--- DATASET ENTRIES ---

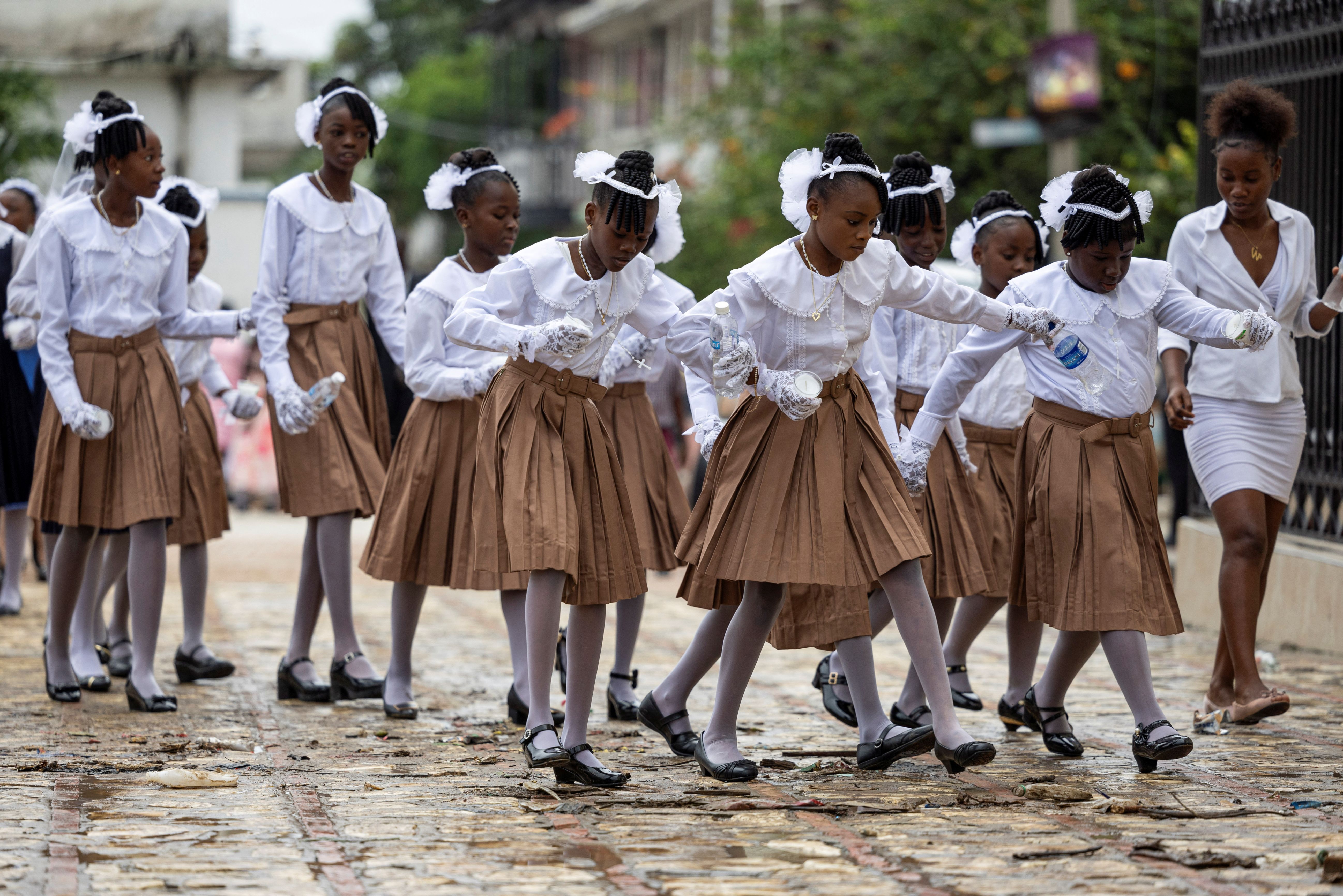 A group of girls arrive at the Our Lady of the Assumption Cathedral for their confirmation ceremony in Cap-Haitien, Haiti on April 28, 2024. (Photo by Ricardo Arduengo/Reuters)
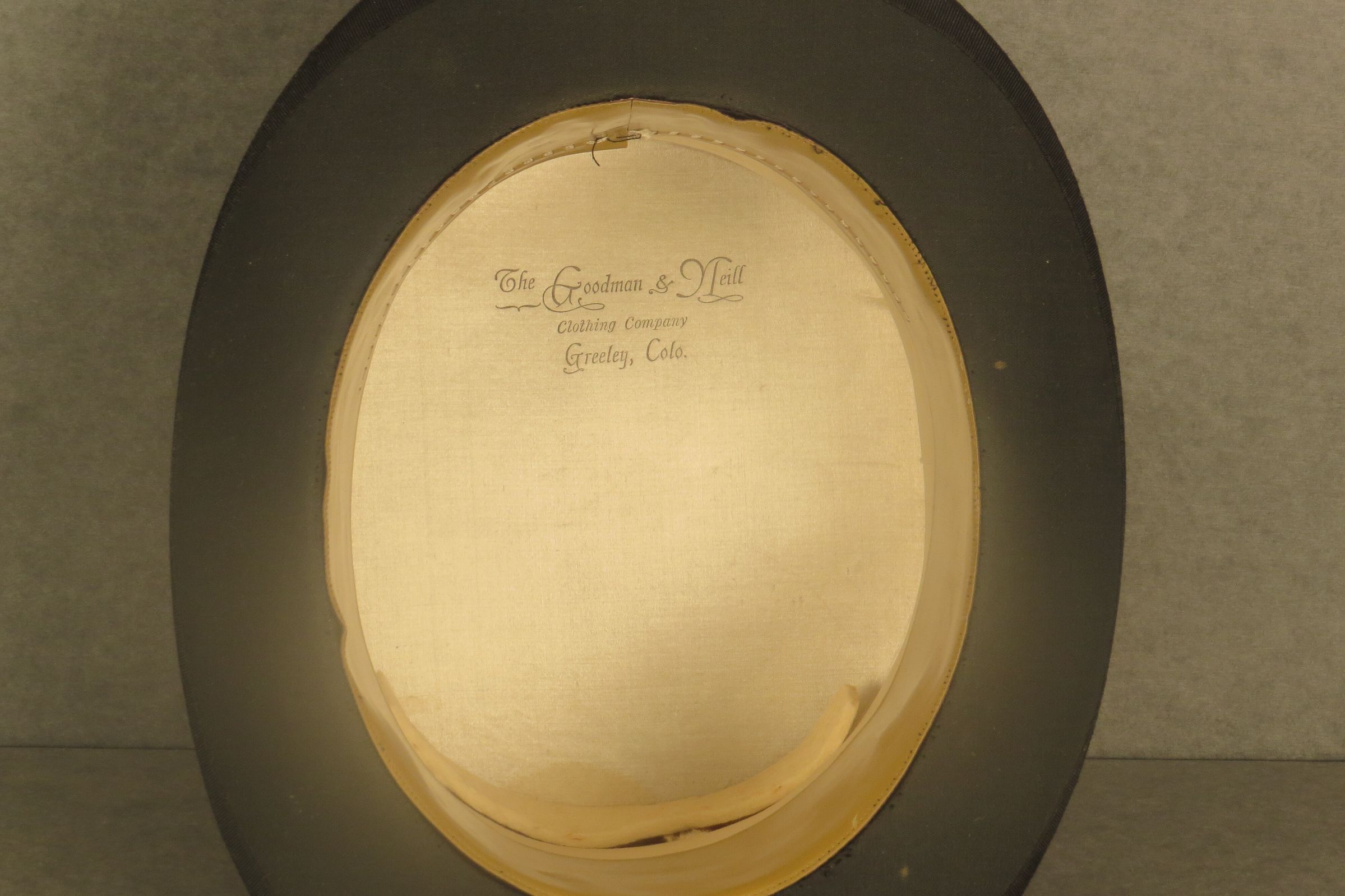 Black beaver top hot "The Goodman & Neill Clothing Company Greeley, Colo."
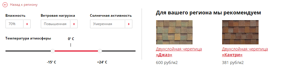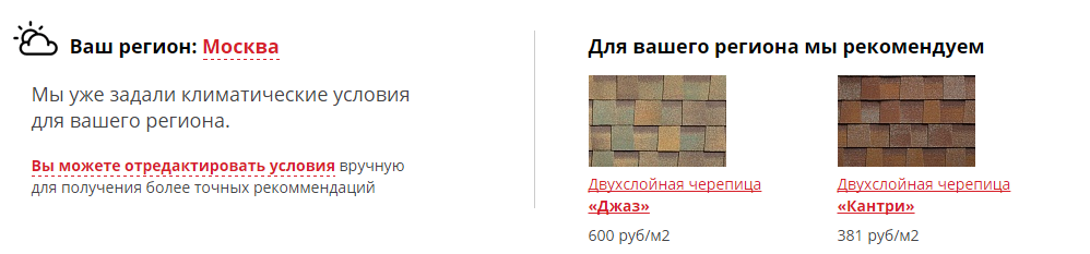 В паре с конструктором создана функция подбора климатических условий для использования черепицы (вообще-то они связаны с регионом пользователя и определяются автоматически, но их можно отредактировать и вручную, выставляя параметры влажности, яркости солнца и ветровой нагрузки, для получения более точных рекомендаций). Такой фишки нет ни у кого из конкурентов «ТехноНИКОЛЬ»!
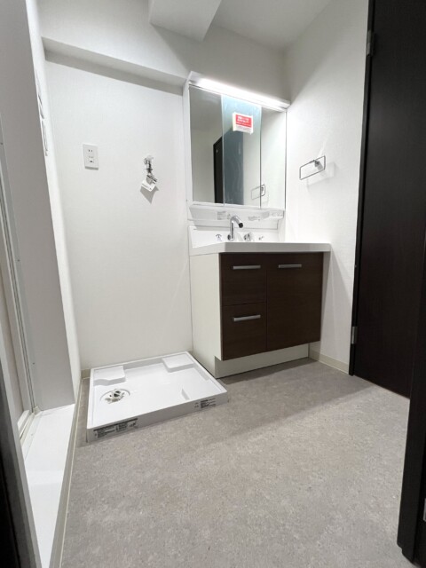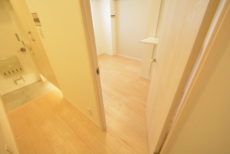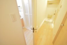 左手にバスルーム、正面に洗面台・洗濯機置場、右手にトイレの並びになっています。
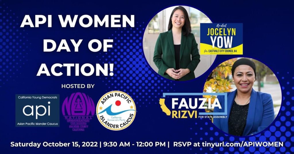 CYD API Caucus are hosting a API Women Day of Action in partnership with the California Democratic Party API Caucus and Riverside County NOW for Fauzia Rizvi for State Assembly and Jocelyn Yow for Eastvale City Council Re-election!
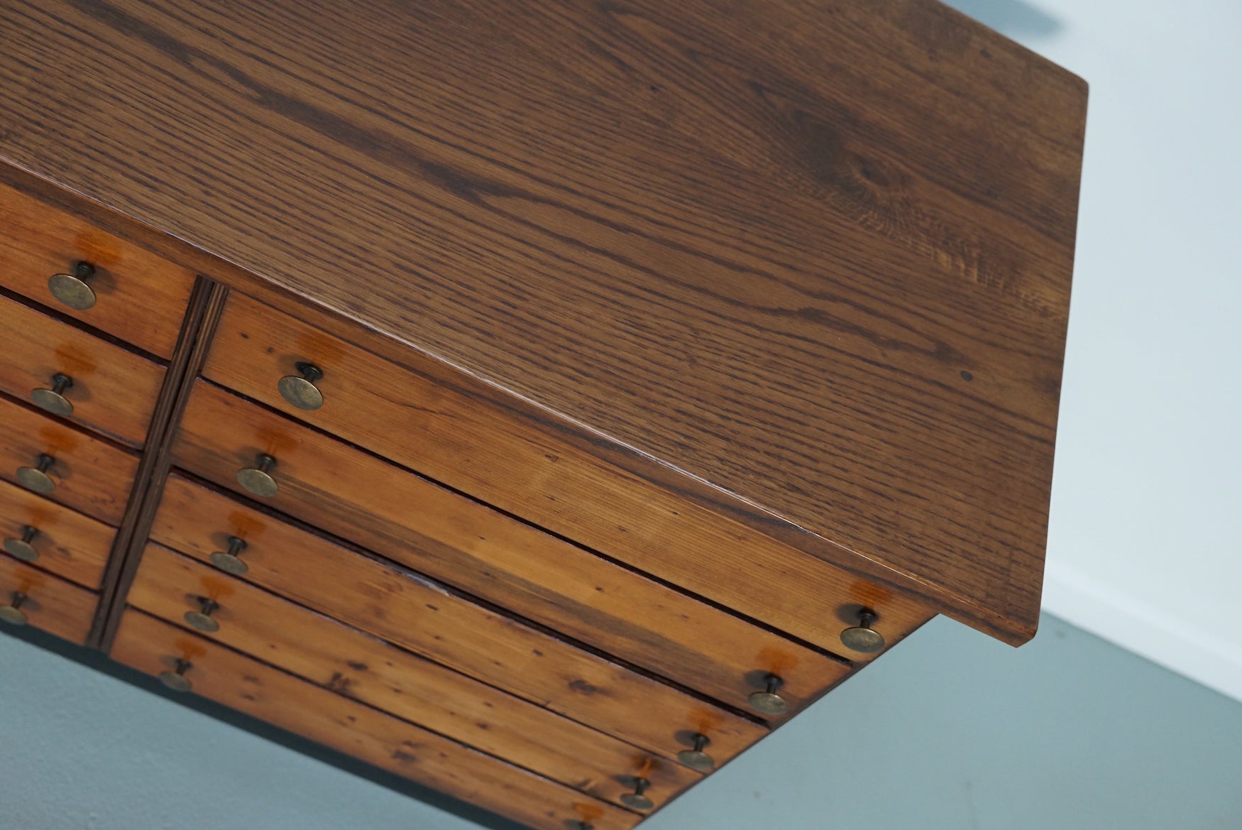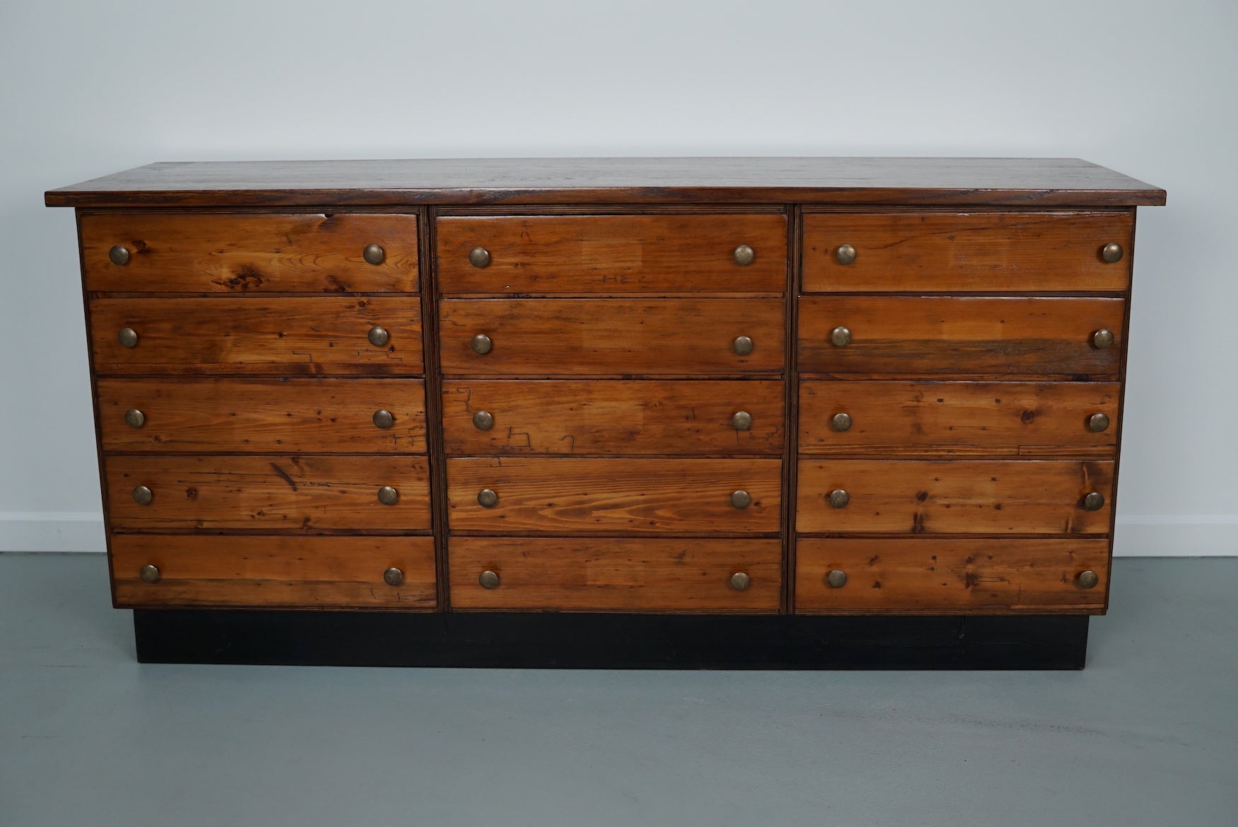 This apothecary cabinet was produced during the 1950s in Germany. This piece features 15 drawers with nice brass knobs. The interior dimensions of the drawers are: D x W x H 43 x 40 x 9 cm. It remains in a good restored condition.

---

## TASK DETAILS:
Print the entries again exactly as they appear above. Do not print the pictures.

## RESPONSE TO THIS TASK:
 A group of girls arrive at the Our Lady of the Assumption Cathedral for their confirmation ceremony in Cap-Haitien, Haiti on April 28, 2024. (Photo by Ricardo Arduengo/Reuters)
 Black beaver top hot "The Goodman & Neill Clothing Company Greeley, Colo."
 В паре с конструктором создана функция подбора климатических условий для использования черепицы (вообще-то они связаны с регионом пользователя и определяются автоматически, но их можно отредактировать и вручную, выставляя параметры влажности, яркости солнца и ветровой нагрузки, для получения более точных рекомендаций). Такой фишки нет ни у кого из конкурентов «ТехноНИКОЛЬ»!
 左手にバスルーム、正面に洗面台・洗濯機置場、右手にトイレの並びになっています。
 CYD API Caucus are hosting a API Women Day of Action in partnership with the California Democratic Party API Caucus and Riverside County NOW for Fauzia Rizvi for State Assembly and Jocelyn Yow for Eastvale City Council Re-election!
 This apothecary cabinet was produced during the 1950s in Germany. This piece features 15 drawers with nice brass knobs. The interior dimensions of the drawers are: D x W x H 43 x 40 x 9 cm. It remains in a good restored condition.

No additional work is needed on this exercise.